ACTIVITY: Reproduce precisely the lines of the material below from the line containing "Experienced window washer" up to and including its last line. Pictures must not be copied.
┄┄┄┄┄┄
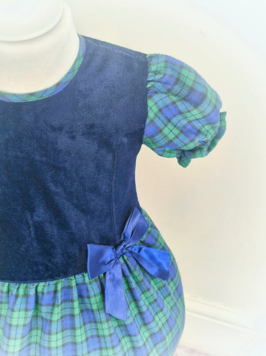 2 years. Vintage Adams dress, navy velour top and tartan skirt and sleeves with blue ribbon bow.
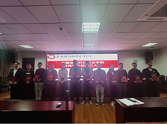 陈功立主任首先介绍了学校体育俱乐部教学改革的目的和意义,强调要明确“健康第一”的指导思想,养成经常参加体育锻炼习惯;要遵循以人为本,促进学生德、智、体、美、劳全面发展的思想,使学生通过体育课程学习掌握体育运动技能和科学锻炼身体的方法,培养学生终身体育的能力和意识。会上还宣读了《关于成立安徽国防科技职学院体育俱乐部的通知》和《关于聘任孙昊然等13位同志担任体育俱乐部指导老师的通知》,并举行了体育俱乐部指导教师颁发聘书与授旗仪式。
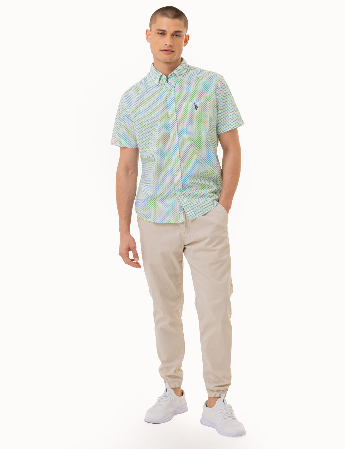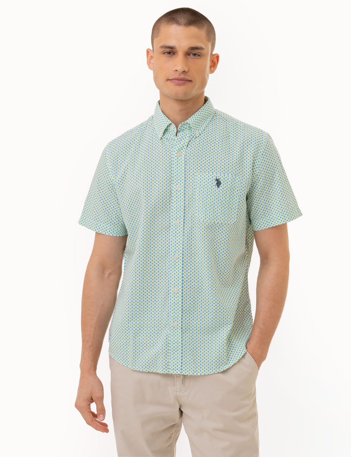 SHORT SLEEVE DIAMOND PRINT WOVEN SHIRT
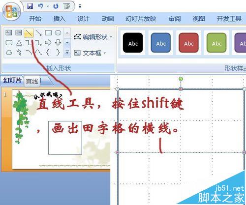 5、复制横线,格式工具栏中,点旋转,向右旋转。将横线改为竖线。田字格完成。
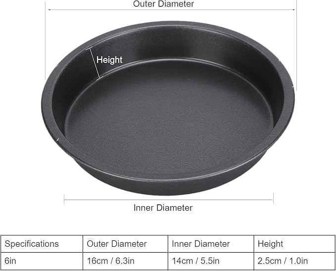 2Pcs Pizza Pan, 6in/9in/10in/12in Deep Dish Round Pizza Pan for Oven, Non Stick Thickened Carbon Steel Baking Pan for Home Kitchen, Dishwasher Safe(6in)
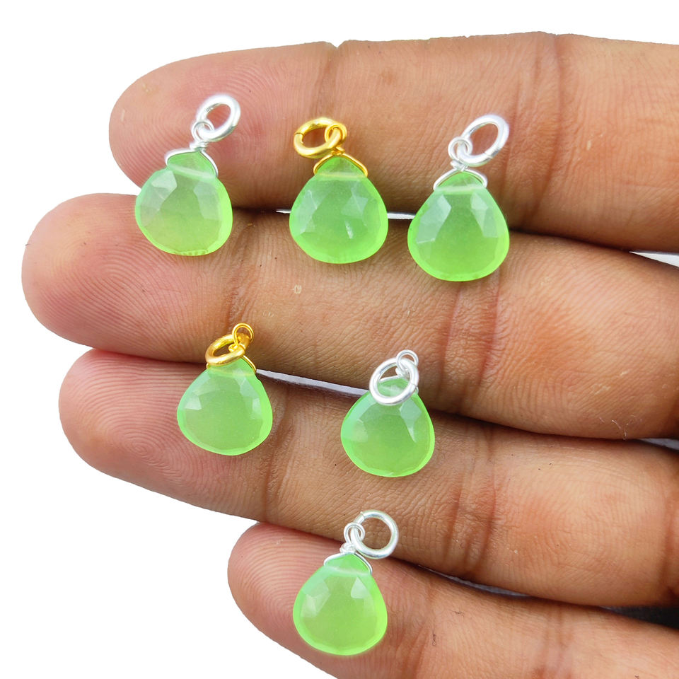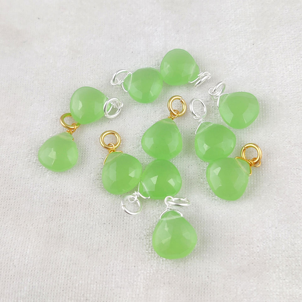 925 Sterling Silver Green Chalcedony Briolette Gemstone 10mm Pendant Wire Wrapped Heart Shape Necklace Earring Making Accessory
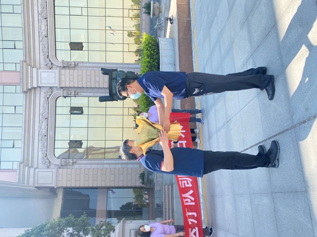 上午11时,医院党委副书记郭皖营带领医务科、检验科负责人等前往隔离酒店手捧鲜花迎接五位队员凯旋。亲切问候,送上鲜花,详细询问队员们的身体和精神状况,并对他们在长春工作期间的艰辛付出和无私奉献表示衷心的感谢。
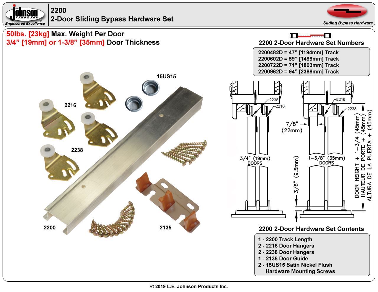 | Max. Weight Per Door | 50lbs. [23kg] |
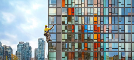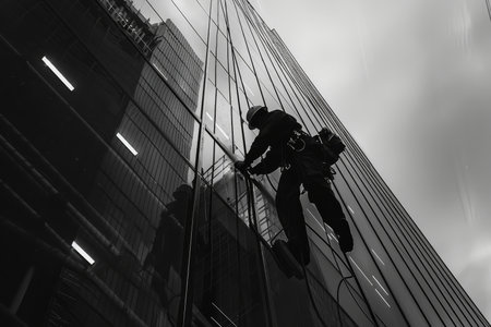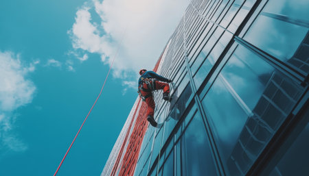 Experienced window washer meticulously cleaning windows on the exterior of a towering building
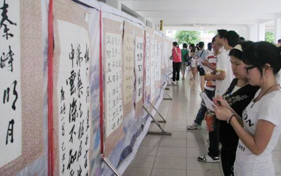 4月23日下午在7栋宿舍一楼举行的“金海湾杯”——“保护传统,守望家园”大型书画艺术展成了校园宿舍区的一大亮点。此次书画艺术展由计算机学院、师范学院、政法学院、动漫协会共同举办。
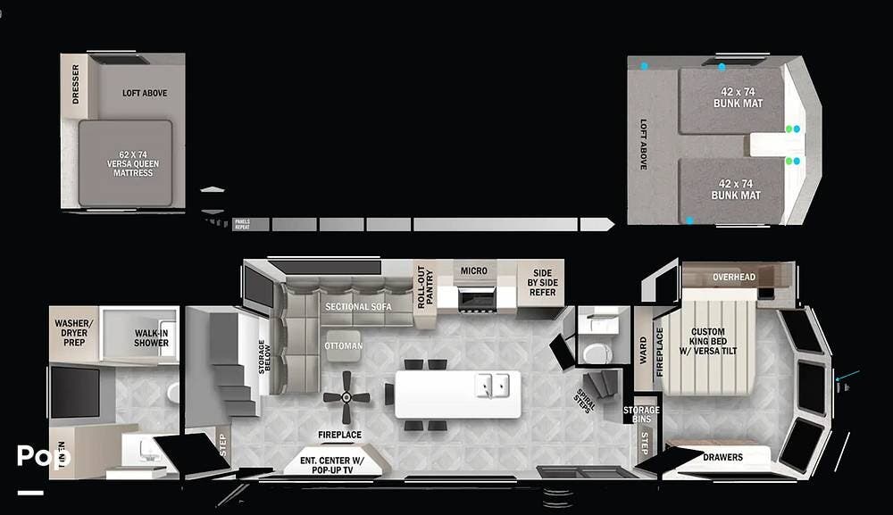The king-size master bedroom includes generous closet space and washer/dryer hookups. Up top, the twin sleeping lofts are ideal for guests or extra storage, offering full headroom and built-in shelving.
┄┄┄┄┄┄
ANSWER TO THE PROBLEM:
 Experienced window washer meticulously cleaning windows on the exterior of a towering building
 4月23日下午在7栋宿舍一楼举行的“金海湾杯”——“保护传统,守望家园”大型书画艺术展成了校园宿舍区的一大亮点。此次书画艺术展由计算机学院、师范学院、政法学院、动漫协会共同举办。
The king-size master bedroom includes generous closet space and washer/dryer hookups. Up top, the twin sleeping lofts are ideal for guests or extra storage, offering full headroom and built-in shelving.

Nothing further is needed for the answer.